Strawberry is meditative music perfect for liminal spaces, like bus rides cruising through an empty downtown or late-night bedrooms lit by the screen of a computer monitor. The connections tied into her songs are transient and vague, but her music is far from. Filled with homophonic/monophonic drones and light guitar strings, tied together with her airy vocals and pop sound that offers solace to the listener.

Her opening song ”Patience Etc…” serves as a strong introduction to the album; singing of preachers, imperfect sin amongst lovers, and catastrophe, attached to a longing for closeness. The lead single “Happy Happy” amps up the vibe with an eruptive chorus of drums and electric guitar. While the title track, “Strawberry” reverts the album back to a wistful state. Opening with the sound of gasping, it is quickly soothed by a guitar playing in a melancholy tone. Loveglow does a good job expressing through her lyrics that settling for your current circumstances can fog your vision as she sings, “Playing pretend feels the same as the real thing, same as the real thing.” In her next track, “Zenosyne” she further explores the drowning effects of living in a fantasy, with an ethereal guitar underscoring the story of someone trapped inside their “dream hotel,” oblivious to Loveglow’s pleas to be what you want to be.
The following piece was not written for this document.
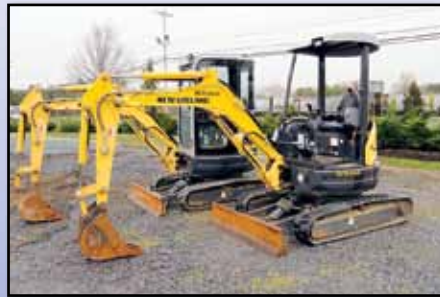
(2) OF (3) NEW HOLLAND E27B

2008 NEW HOLLAND E27B Mini Excavator , s/n N8TN41543, powered by Yanmar diesel engine and hydraulic drive, equipped with 44" dipper stick with hydraulic beyond, 12" digging bucket, swing boom, zero tailswing, 60" backfill blade, ROPS canopy, and 10" rubber tracks. In good to very good condition with good undercarriage. (0,271 Hours)

Next songs on the album are “Foxy” and “Blue Arcade,” which both feature protagonists alone in public places, avoiding the narrator (Caroline) in favor of fame and iniquity. Fitting enough, these tracks musically emphasize the distance between singer and subject. The synths that accompany “Sink” bring to mind the heartache of one harboring all the pain of adulthood. Loveglow sings, “How it feels to sink is such a lonely, lonely, thing.”, rooted from wishing for earlier, easier times and being hit by the dawning realization that going back is impossible. The final track, “On Earth,” continues the decline, finding Loveglow in full circle as she combines blasphemy and prayer once again. “I wanna see God, and then I’ll believe him,” she sings almost bitterly, as if she is done waiting for a miracle. As the song comes to a close she laments, “I’m drowning in feeling”. Although this may seem like a “all hope is lost” kind of note, Loveglow still manages to provide comfort with her soft voice.

Caroline knows the internal landscape of the mind isn’t the healthiest place to spend your life, but the familiarity that lies in the pain can be soothing to some. In a world that demands so much, sometimes a choice to retreat is the best choice, just don’t get lost on the way back.